▶ EXERCISE GOAL:
Go through the listing below and retype exactly the lines starting at the one with "Про виділення коштів" and ending at the one with "Crafted from Mela", skipping pictures.

▶ STUDY MATERIAL:
========================

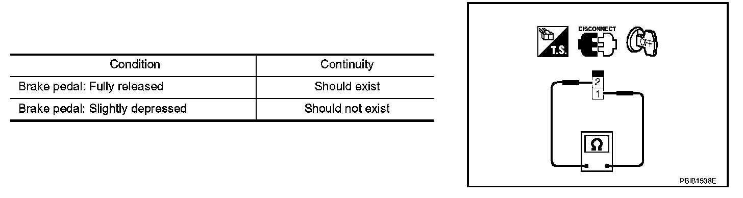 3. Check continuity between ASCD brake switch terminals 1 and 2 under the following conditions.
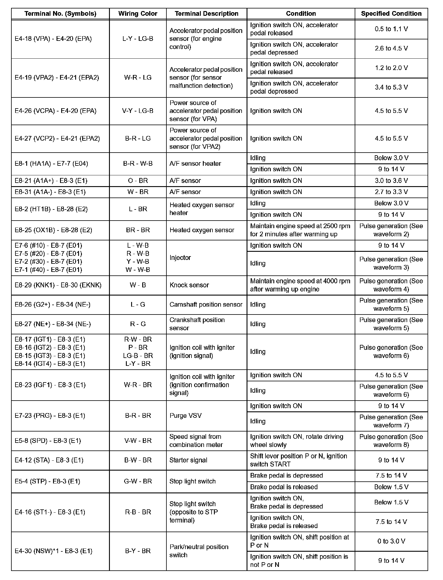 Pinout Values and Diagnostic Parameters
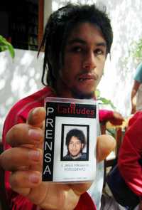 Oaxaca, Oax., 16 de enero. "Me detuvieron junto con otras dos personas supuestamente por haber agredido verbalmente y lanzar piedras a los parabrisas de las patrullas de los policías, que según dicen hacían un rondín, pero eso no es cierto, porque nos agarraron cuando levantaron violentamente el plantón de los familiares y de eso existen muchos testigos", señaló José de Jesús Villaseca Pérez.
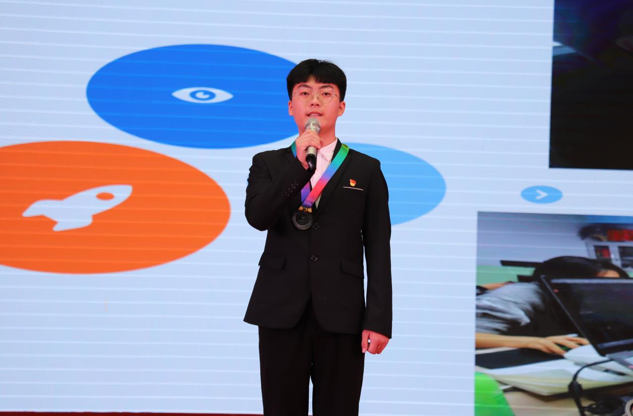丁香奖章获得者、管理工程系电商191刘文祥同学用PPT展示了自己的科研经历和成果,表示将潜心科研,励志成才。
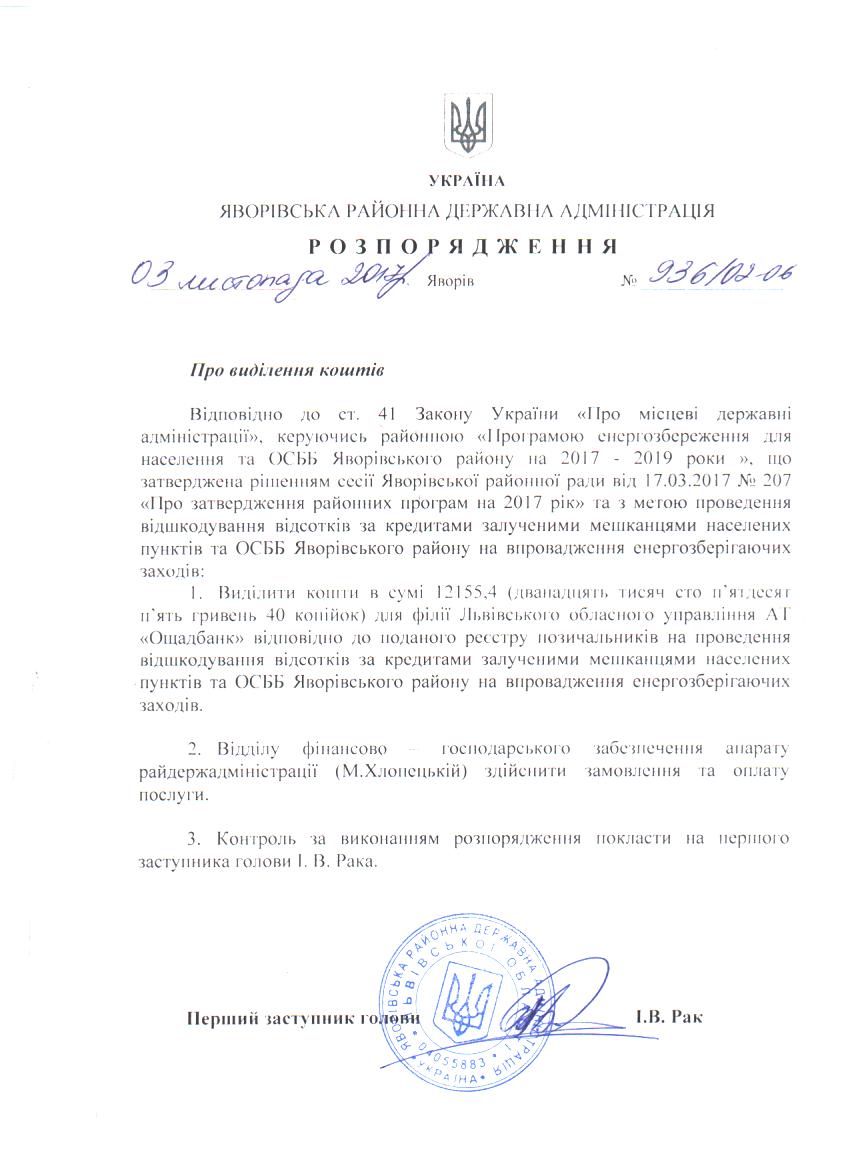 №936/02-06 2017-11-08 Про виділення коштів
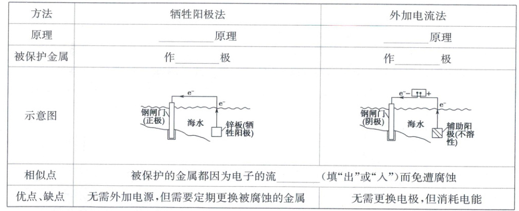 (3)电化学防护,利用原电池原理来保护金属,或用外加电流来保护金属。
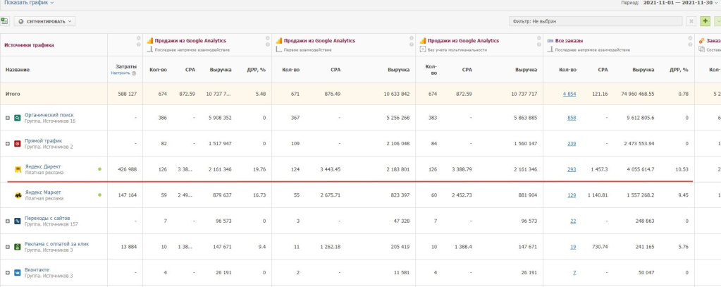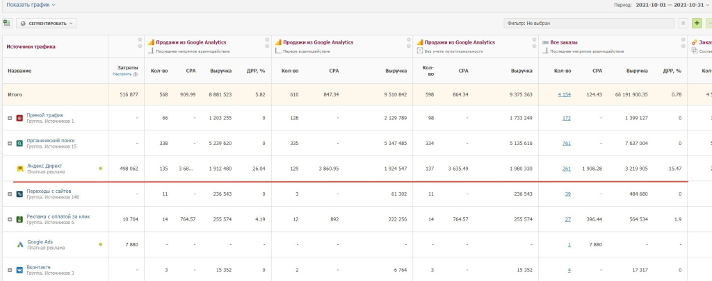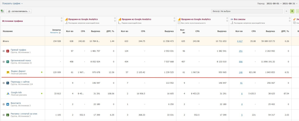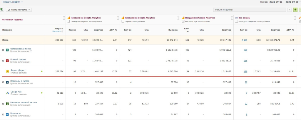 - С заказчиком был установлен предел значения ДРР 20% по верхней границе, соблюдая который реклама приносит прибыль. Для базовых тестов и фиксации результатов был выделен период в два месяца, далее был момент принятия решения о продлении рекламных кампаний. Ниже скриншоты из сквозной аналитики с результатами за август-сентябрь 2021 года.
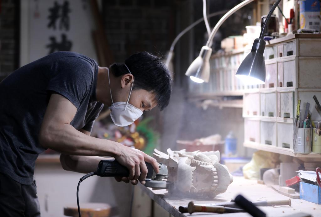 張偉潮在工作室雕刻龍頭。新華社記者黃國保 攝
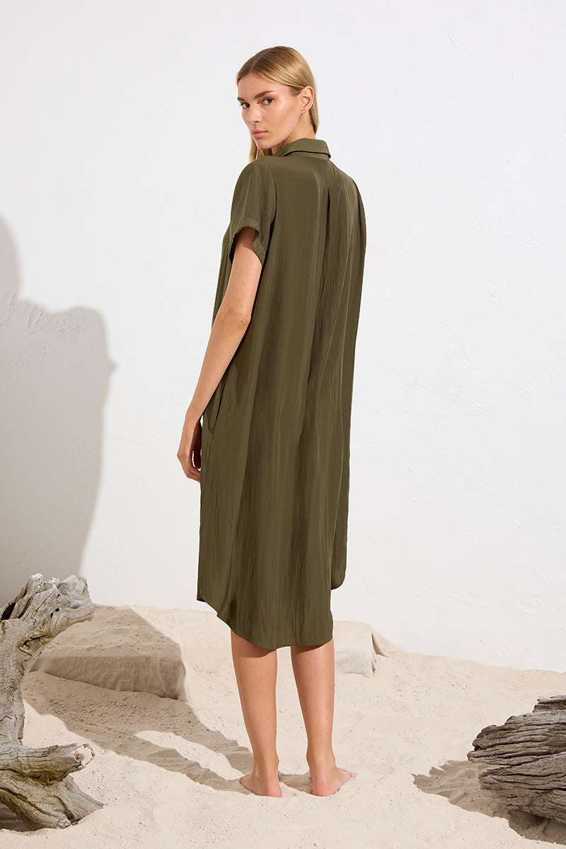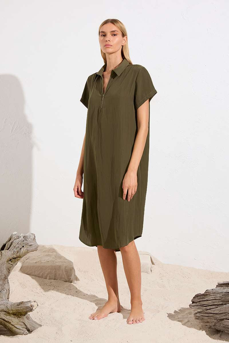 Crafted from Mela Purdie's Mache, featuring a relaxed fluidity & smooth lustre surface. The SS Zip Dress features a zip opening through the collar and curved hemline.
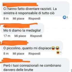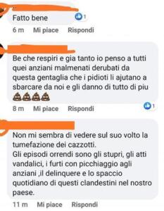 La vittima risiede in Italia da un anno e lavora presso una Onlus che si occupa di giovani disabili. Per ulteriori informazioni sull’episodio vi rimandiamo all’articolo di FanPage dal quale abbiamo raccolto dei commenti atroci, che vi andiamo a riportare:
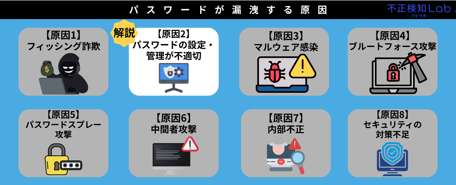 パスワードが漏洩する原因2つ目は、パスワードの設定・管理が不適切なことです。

========================

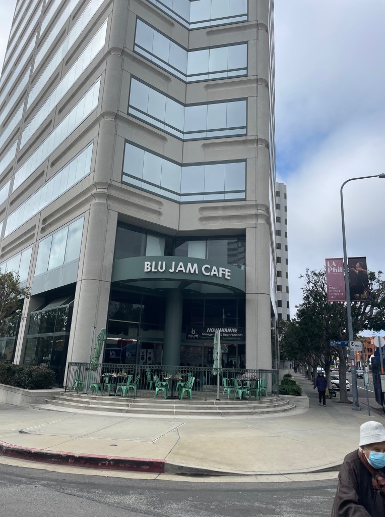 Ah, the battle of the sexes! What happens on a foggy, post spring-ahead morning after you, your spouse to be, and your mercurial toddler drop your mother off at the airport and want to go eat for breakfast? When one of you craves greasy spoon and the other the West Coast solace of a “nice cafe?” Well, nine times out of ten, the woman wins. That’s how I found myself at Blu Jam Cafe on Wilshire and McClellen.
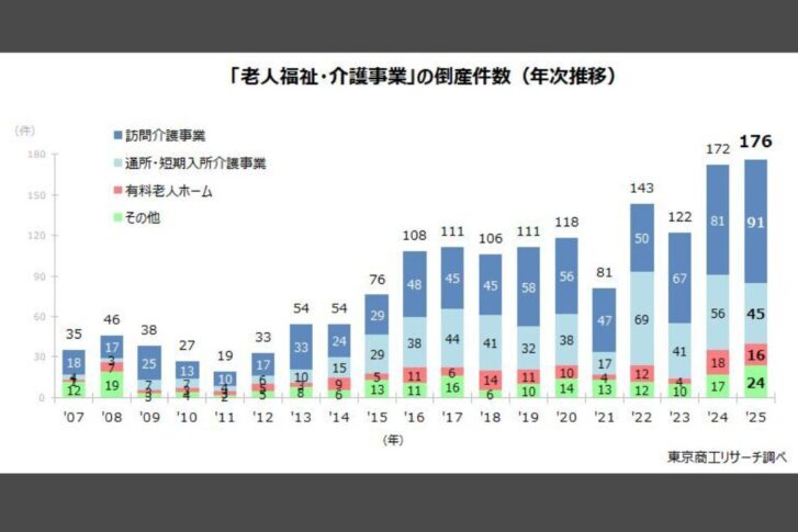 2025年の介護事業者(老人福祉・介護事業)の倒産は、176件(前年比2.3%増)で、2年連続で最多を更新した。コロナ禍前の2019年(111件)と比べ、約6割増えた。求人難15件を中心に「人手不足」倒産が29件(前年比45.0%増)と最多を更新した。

========================

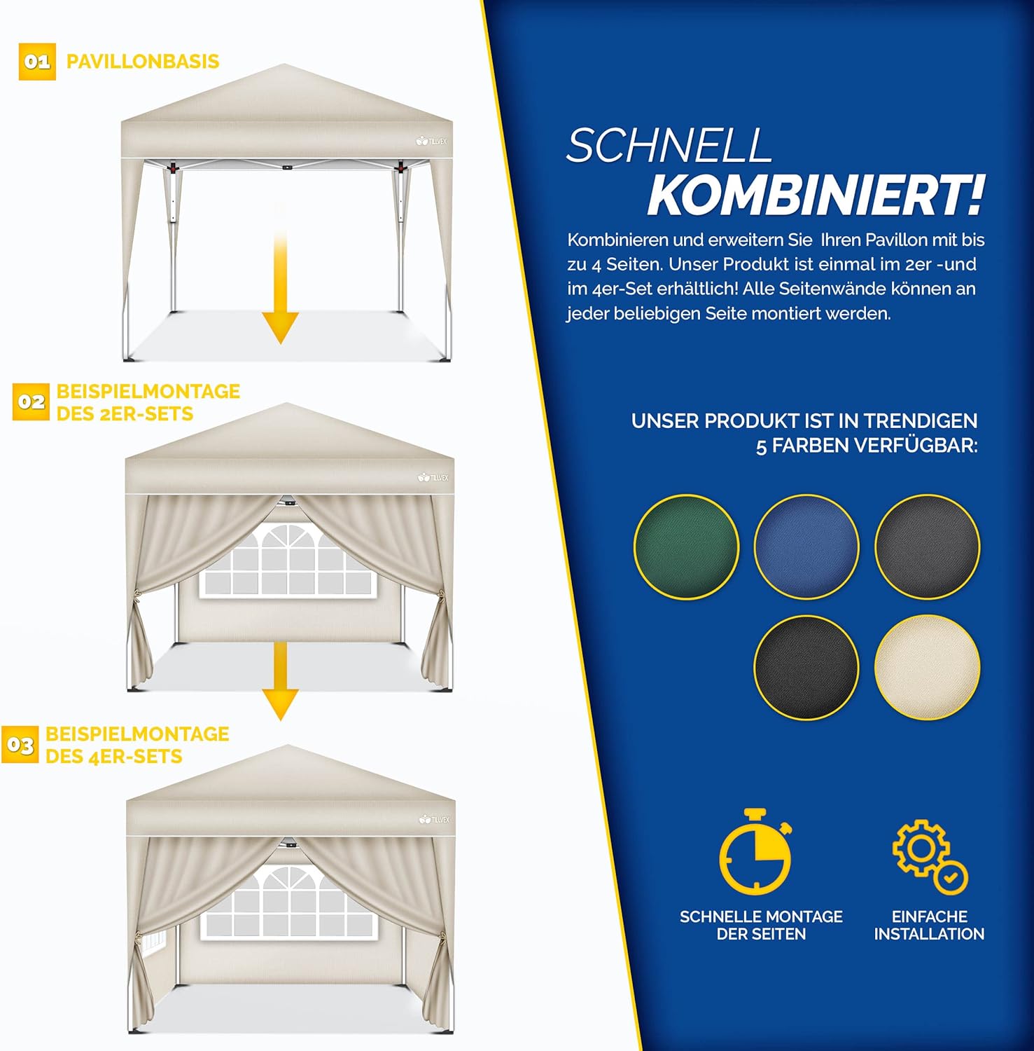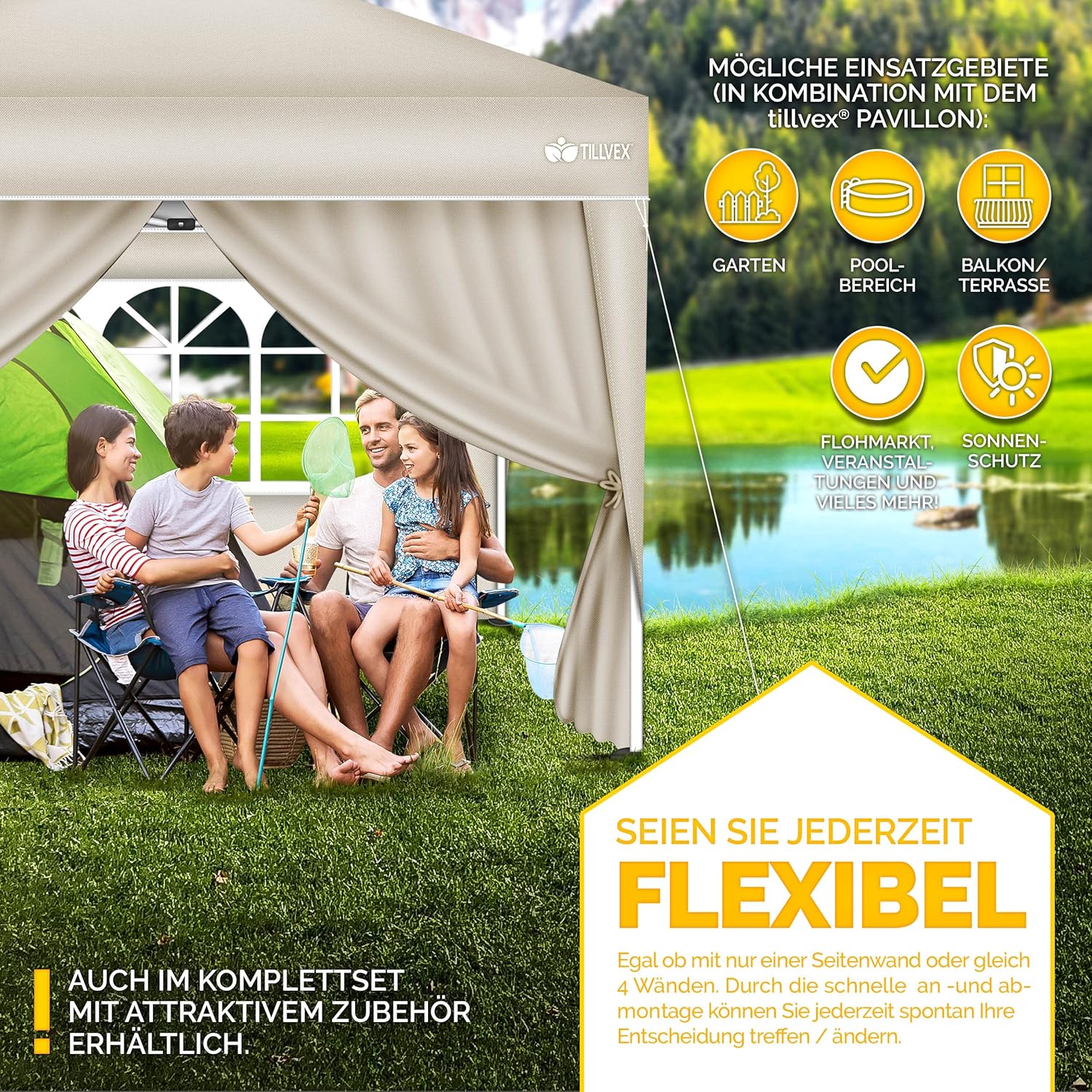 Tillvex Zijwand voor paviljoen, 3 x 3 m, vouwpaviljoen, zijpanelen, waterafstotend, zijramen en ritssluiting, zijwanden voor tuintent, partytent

========================

▶ EXERCISE ANSWER:
 №936/02-06 2017-11-08 Про виділення коштів
 (3)电化学防护,利用原电池原理来保护金属,或用外加电流来保护金属。
 - С заказчиком был установлен предел значения ДРР 20% по верхней границе, соблюдая который реклама приносит прибыль. Для базовых тестов и фиксации результатов был выделен период в два месяца, далее был момент принятия решения о продлении рекламных кампаний. Ниже скриншоты из сквозной аналитики с результатами за август-сентябрь 2021 года.
 張偉潮在工作室雕刻龍頭。新華社記者黃國保 攝
 Crafted from Mela Purdie's Mache, featuring a relaxed fluidity & smooth lustre surface. The SS Zip Dress features a zip opening through the collar and curved hemline.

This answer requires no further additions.